Should an entry contain an image, omit it and repeat the rest exactly.

DATASET RECORDS:
═══

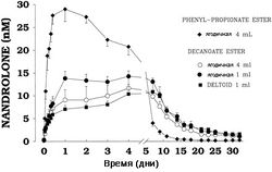 Метаболиты нандролона выводятся из организма в течение длительного времени. 16-18 месяцев - сроки обнаружения фенилпропионата, и 18-24 месяца - деканоата. Поэтому препараты нандролона не рекомендуются к приему соревнующимися спортсменам.
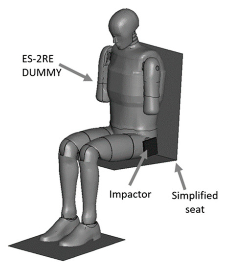 The aim of the next stage of the study was to analyse the risk of a possible pelvic injury in a soldier in a vehicle in the event of a pressure wave applied to his structure from the explosion of a charge placed next to the vehicle. For numerical analyses carried out in the LS-Dyna environment, a Hybrid ES-2RE dummy model was used, seated on a stiff chair, which was then subjected to the impact of an impactor. A view of the prepared model is shown in Figure 11.
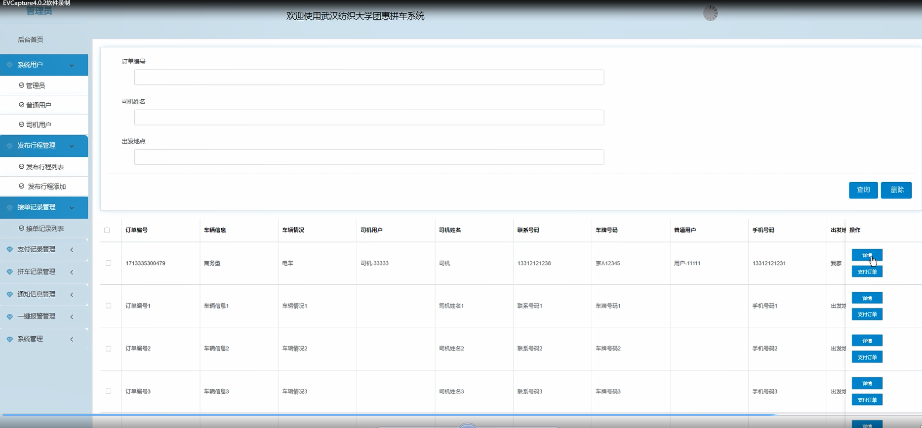 允许管理员管理拼车系统的接单记录,包括查看接单情况、处理异常订单、确认订单状态等操作,确保拼车服务的顺利进行。接单记录管理界面如下图所示。
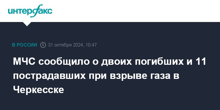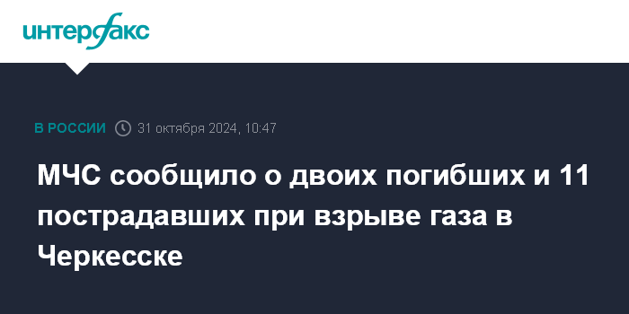 Москва. 31 октября. INTERFAX.RU - По данным МЧС, в результате взрыва газа в жилом доме в Черкесске погибли два человека, еще 11 пострадали, сообщает управление МЧС по Карачаево-Черкесии.
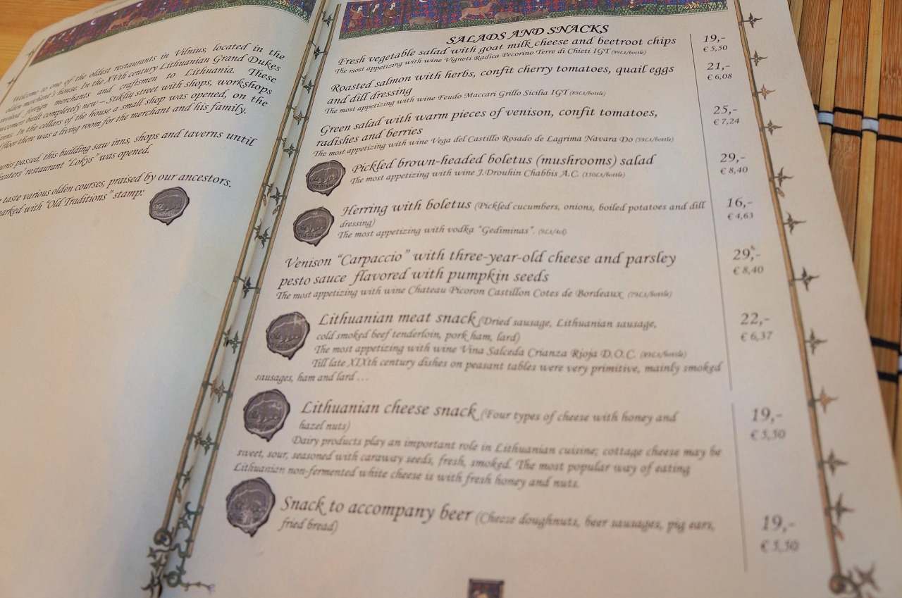夏にジビエって季節外れじゃないかな…とのこちらの思惑を裏切って、メニューに並んでいたのは野生の鹿、猪などの肉料理!リトアニアの猟の法律がどういう仕組なのかは分かりませんが、とにかくシーズンオフでも野禽が頂ける模様。
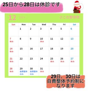 12月30日は、自費での施術のみ予約制で対応させてもらいます。
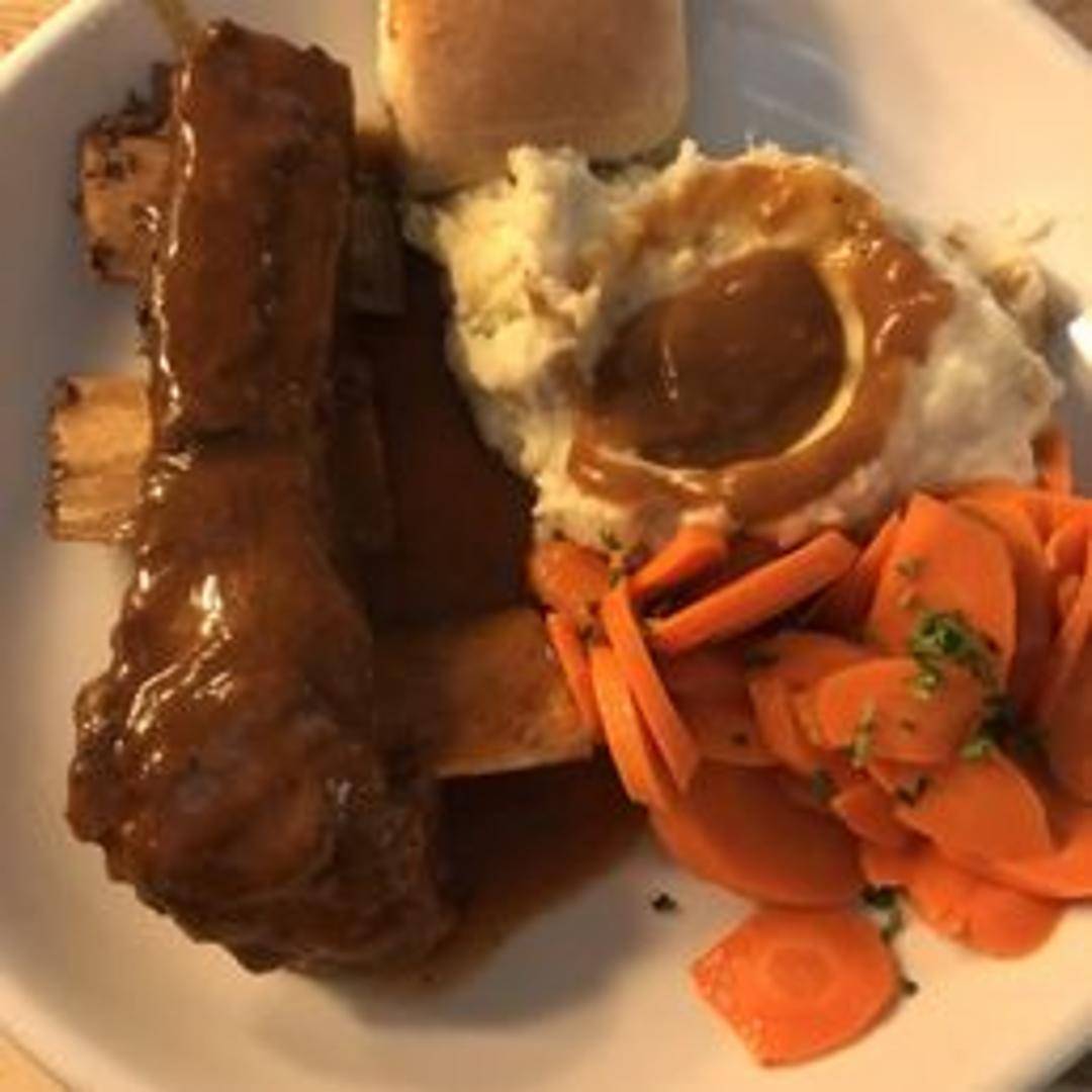 Slow-braised bison short ribs, resulting in tender, fall-off-the-bone meat with a rich and savory flavor.
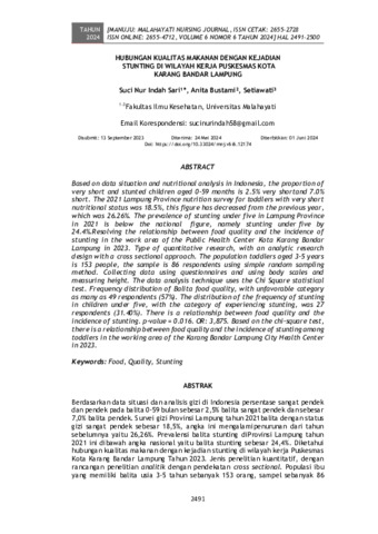 Suci, Nur Indah Sari and Anita, Bustami and Setiawati, Setiawati (2024) Hubungan kualitas makanan dengan kejadian stunting di Wilayah Kerja Puskesmas Kota Karang Bandar Lampung. Manuju: Malahayati Nursing Journal, 6 (6): 32. pp. 2491-2500. ISSN 2655-2728

═══

WRITTEN RESPONSE:
 Метаболиты нандролона выводятся из организма в течение длительного времени. 16-18 месяцев - сроки обнаружения фенилпропионата, и 18-24 месяца - деканоата. Поэтому препараты нандролона не рекомендуются к приему соревнующимися спортсменам.
 The aim of the next stage of the study was to analyse the risk of a possible pelvic injury in a soldier in a vehicle in the event of a pressure wave applied to his structure from the explosion of a charge placed next to the vehicle. For numerical analyses carried out in the LS-Dyna environment, a Hybrid ES-2RE dummy model was used, seated on a stiff chair, which was then subjected to the impact of an impactor. A view of the prepared model is shown in Figure 11.
 允许管理员管理拼车系统的接单记录,包括查看接单情况、处理异常订单、确认订单状态等操作,确保拼车服务的顺利进行。接单记录管理界面如下图所示。
 Москва. 31 октября. INTERFAX.RU - По данным МЧС, в результате взрыва газа в жилом доме в Черкесске погибли два человека, еще 11 пострадали, сообщает управление МЧС по Карачаево-Черкесии.
夏にジビエって季節外れじゃないかな…とのこちらの思惑を裏切って、メニューに並んでいたのは野生の鹿、猪などの肉料理!リトアニアの猟の法律がどういう仕組なのかは分かりませんが、とにかくシーズンオフでも野禽が頂ける模様。
 12月30日は、自費での施術のみ予約制で対応させてもらいます。
 Slow-braised bison short ribs, resulting in tender, fall-off-the-bone meat with a rich and savory flavor.
 Suci, Nur Indah Sari and Anita, Bustami and Setiawati, Setiawati (2024) Hubungan kualitas makanan dengan kejadian stunting di Wilayah Kerja Puskesmas Kota Karang Bandar Lampung. Manuju: Malahayati Nursing Journal, 6 (6): 32. pp. 2491-2500. ISSN 2655-2728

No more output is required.